§ PROBLEM DESCRIPTION
Only the lines below between the one holding "Mens stainless steel" and the one holding "Artystyczny Płot: Dzieci", inclusive, are to be reproduced word for word; the pictures are to be left out.

§ EXTRACTED DATA
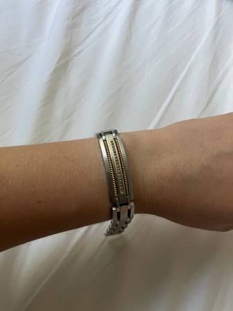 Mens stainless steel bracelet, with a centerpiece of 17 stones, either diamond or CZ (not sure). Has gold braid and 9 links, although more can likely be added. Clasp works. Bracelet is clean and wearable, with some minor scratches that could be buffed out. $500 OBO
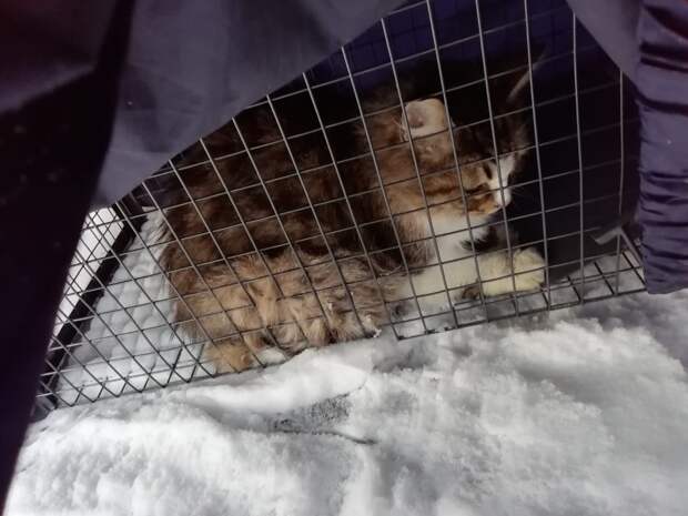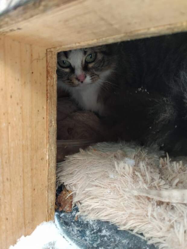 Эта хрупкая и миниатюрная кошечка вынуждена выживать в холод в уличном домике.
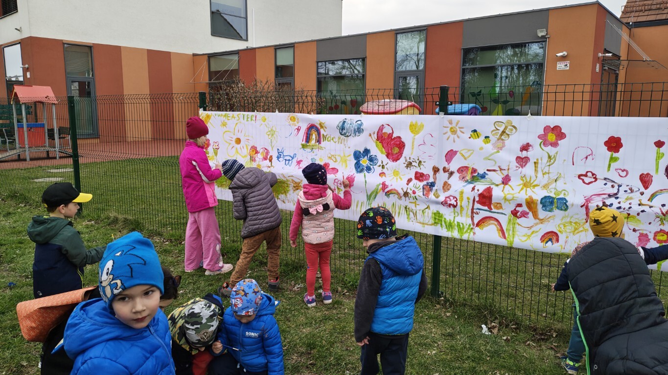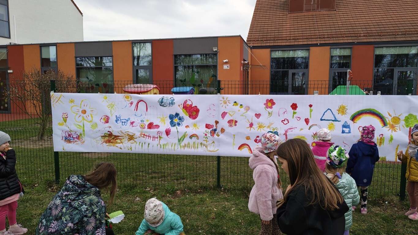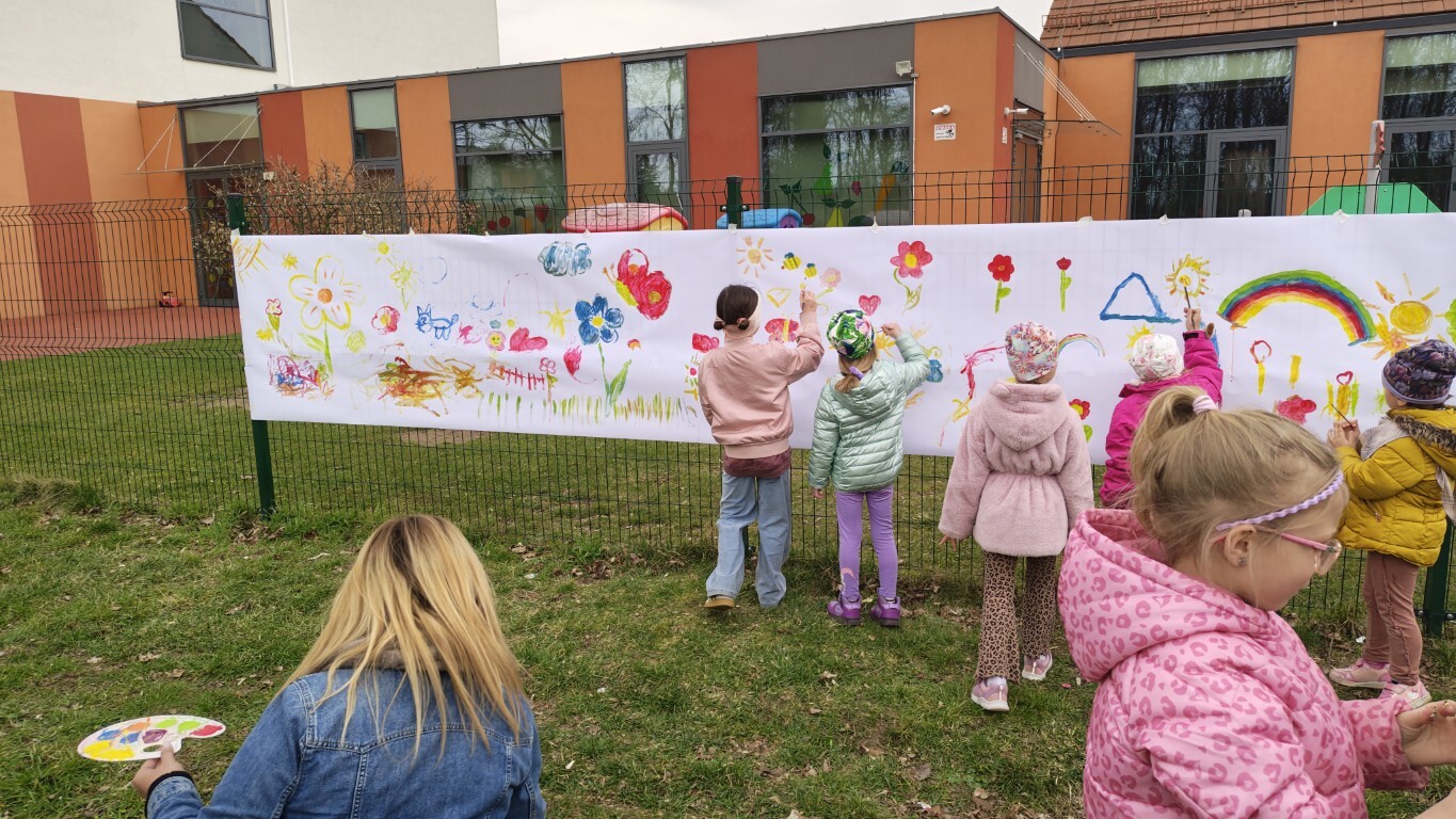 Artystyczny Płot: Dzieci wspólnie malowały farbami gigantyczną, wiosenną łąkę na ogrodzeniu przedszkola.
* * *
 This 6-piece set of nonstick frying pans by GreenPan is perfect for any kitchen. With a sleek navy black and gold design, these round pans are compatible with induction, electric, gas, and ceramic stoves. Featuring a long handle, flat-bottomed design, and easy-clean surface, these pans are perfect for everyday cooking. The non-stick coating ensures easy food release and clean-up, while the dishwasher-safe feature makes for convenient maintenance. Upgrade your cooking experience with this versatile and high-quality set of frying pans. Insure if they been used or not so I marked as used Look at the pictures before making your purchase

§ RESPONSE BELOW
 Mens stainless steel bracelet, with a centerpiece of 17 stones, either diamond or CZ (not sure). Has gold braid and 9 links, although more can likely be added. Clasp works. Bracelet is clean and wearable, with some minor scratches that could be buffed out. $500 OBO
 Эта хрупкая и миниатюрная кошечка вынуждена выживать в холод в уличном домике.
 Artystyczny Płot: Dzieci wspólnie malowały farbami gigantyczną, wiosenną łąkę na ogrodzeniu przedszkola.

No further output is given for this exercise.